**EXERCISE DESCRIPTION**
Write down exactly the lines from the one below that has "Pent brukt skjorte" to the end of the data, both ends included; the pictures should not appear in your copy.

**RECORDS SHOWN**
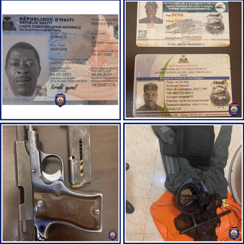 Ces individus avaient en leur possession un pistolet de calibre 3.80mm garni de plusieurs cartouches, a indiqué la PNH qui souligne que la perquisition effectuée à leur domicile a permis la saisie de plusieurs objets dont un IPad appartenant au Citoyen Canadien victime ; Un casque balistique noir; Un gilet par balle; Une Chemise BDU de couleur verte olive; Un pantalon BDU de couleur Verte olive; Un bâton Tonfa noir ; Un gilet tactique noir; Deux cartes d’identification ANAP et BSAP sur deux (02) identités différentes Altema Ornest / Marcel Desir appartenant au ravisseur principal de son vrai nom Altema Onès.
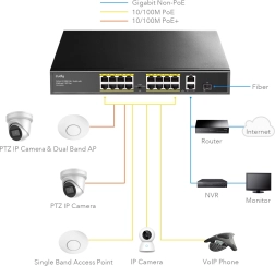 Prekidač sa 16 portova 10/100M PoE+ dizajniran je za učinkovito napajanje i prijenos podataka u mrežnim aplikacijama. S integriranim 2 uplink portovima 10/100/1000M i kombiniranim SFP portom pruža fleksibilnost za proširenje mreže.<7p>
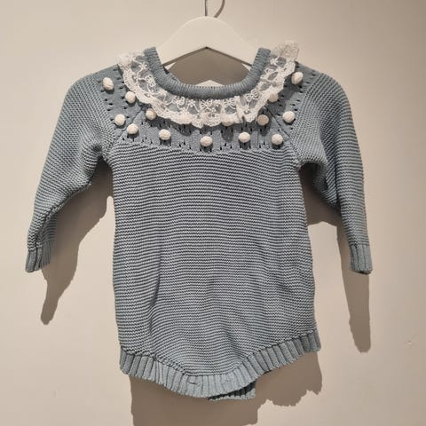 Pent brukt skjorte og shorts i ett med trykkknapper ved lårene for enkelt skift. Passet fra 80 til 86 her. Behagelig å bevege seg i og veldig søt, nydelige farger
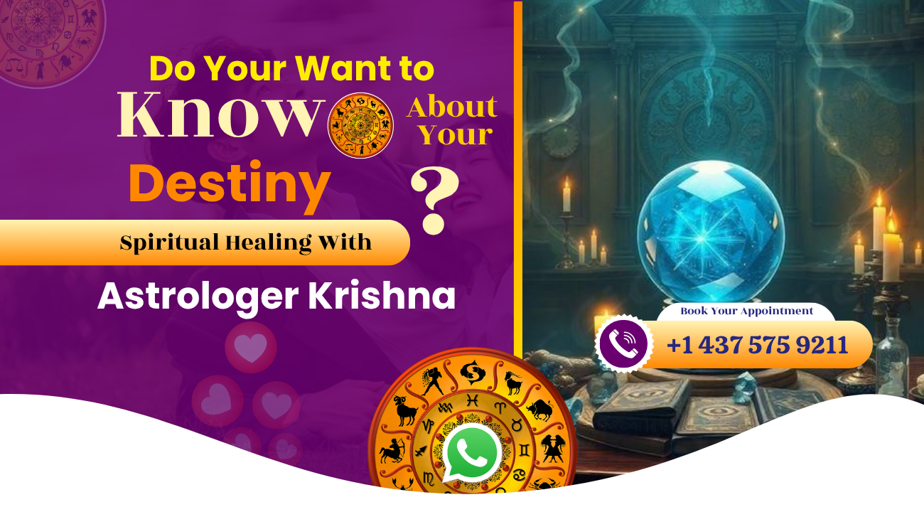Astrologer Krishna offers the best astrology services in Canada, specializing in love problem solutions, marriage compatibility, business success, career guidance, and financial stability. He also provides expert spiritual healing, negative energy removal, and black magic removal to restore peace and positivity in life. With his accurate psychic readings and horoscope predictions, Astrologer Krishna helps individuals find direction and overcome obstacles. His personalized remedies and deep astrological knowledge make him a trusted name for transforming lives with divine guidance.
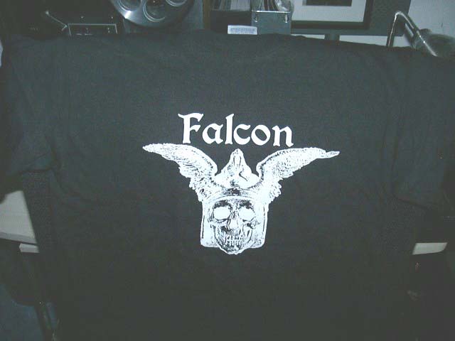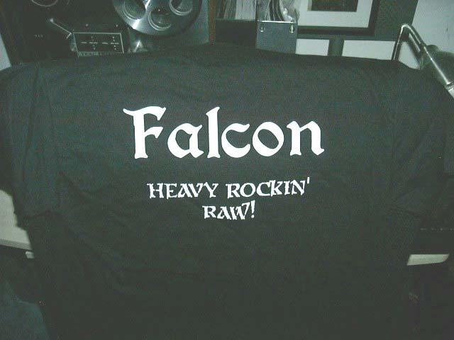 Official Falcon T-shirts and long sleeves. Falcon black logo shirt on front, “Heavy Rockin’ Raw!” on back.

**RESULT**
 Pent brukt skjorte og shorts i ett med trykkknapper ved lårene for enkelt skift. Passet fra 80 til 86 her. Behagelig å bevege seg i og veldig søt, nydelige farger
Astrologer Krishna offers the best astrology services in Canada, specializing in love problem solutions, marriage compatibility, business success, career guidance, and financial stability. He also provides expert spiritual healing, negative energy removal, and black magic removal to restore peace and positivity in life. With his accurate psychic readings and horoscope predictions, Astrologer Krishna helps individuals find direction and overcome obstacles. His personalized remedies and deep astrological knowledge make him a trusted name for transforming lives with divine guidance.
 Official Falcon T-shirts and long sleeves. Falcon black logo shirt on front, “Heavy Rockin’ Raw!” on back.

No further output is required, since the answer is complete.